■ RAW DATA ■
========================

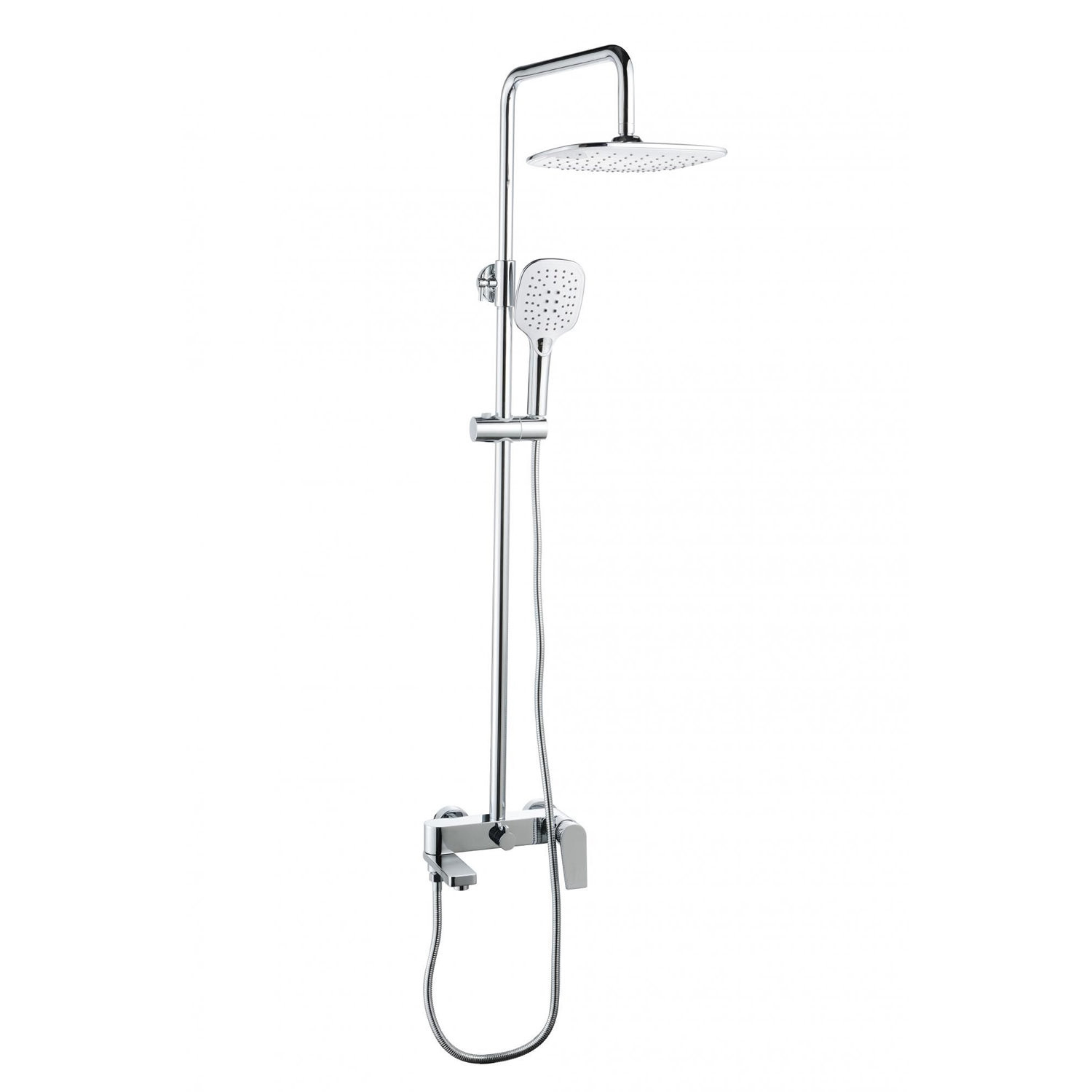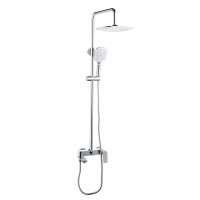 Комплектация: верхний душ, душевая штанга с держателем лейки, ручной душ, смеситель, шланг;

========================

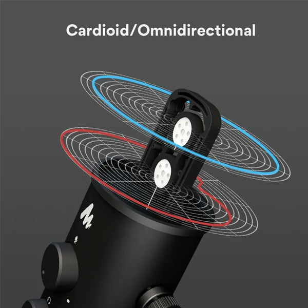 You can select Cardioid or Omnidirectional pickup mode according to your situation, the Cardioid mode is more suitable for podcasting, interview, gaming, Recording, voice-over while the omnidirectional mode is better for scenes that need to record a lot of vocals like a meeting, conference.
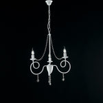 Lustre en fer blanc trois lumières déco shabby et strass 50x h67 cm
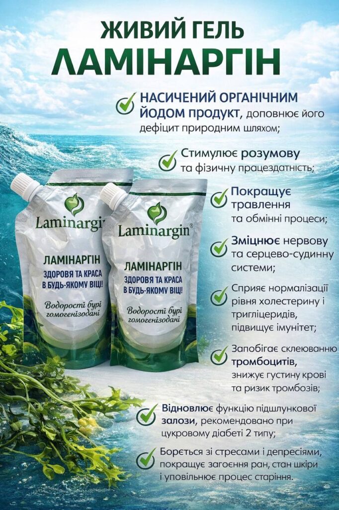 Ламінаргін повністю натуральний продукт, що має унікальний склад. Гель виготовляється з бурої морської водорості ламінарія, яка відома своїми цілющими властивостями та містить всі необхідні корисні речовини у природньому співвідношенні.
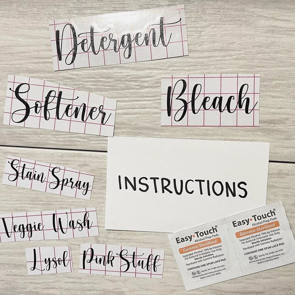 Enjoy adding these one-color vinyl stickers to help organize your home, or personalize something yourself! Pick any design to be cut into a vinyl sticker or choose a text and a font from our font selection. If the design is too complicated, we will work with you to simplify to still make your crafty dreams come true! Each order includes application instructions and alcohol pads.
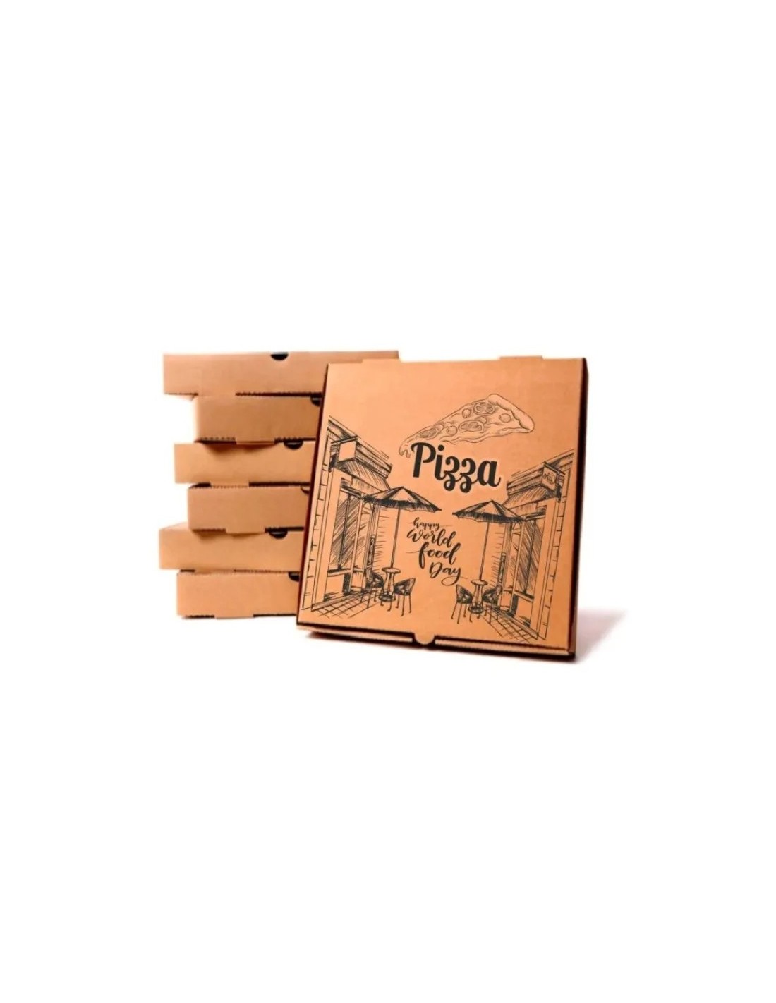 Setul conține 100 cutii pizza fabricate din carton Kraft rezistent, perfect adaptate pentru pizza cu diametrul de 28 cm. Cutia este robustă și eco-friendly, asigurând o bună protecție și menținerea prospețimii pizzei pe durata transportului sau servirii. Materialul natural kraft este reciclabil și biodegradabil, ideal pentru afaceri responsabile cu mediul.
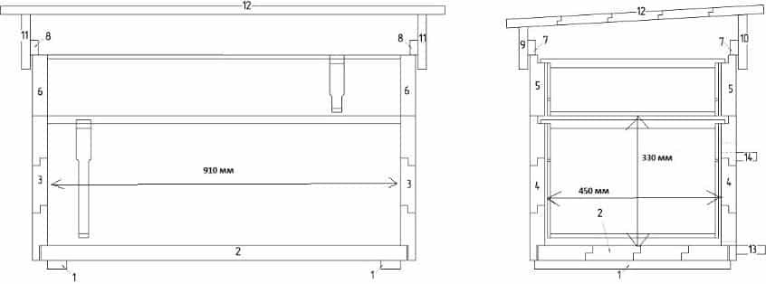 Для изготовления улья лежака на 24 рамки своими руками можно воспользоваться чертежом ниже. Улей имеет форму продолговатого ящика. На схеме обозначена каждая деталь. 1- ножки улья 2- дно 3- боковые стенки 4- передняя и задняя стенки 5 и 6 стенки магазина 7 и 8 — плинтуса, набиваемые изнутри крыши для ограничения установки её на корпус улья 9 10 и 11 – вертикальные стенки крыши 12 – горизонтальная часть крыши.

========================

■ TASK TO CARRY OUT ■
Of the lines above, quote exactly those from the one with "You can select" through the one with "Enjoy adding these", ends included; pictures stay out.

■ ANSWER SECTION ■
 You can select Cardioid or Omnidirectional pickup mode according to your situation, the Cardioid mode is more suitable for podcasting, interview, gaming, Recording, voice-over while the omnidirectional mode is better for scenes that need to record a lot of vocals like a meeting, conference.
 Lustre en fer blanc trois lumières déco shabby et strass 50x h67 cm
 Ламінаргін повністю натуральний продукт, що має унікальний склад. Гель виготовляється з бурої морської водорості ламінарія, яка відома своїми цілющими властивостями та містить всі необхідні корисні речовини у природньому співвідношенні.
 Enjoy adding these one-color vinyl stickers to help organize your home, or personalize something yourself! Pick any design to be cut into a vinyl sticker or choose a text and a font from our font selection. If the design is too complicated, we will work with you to simplify to still make your crafty dreams come true! Each order includes application instructions and alcohol pads.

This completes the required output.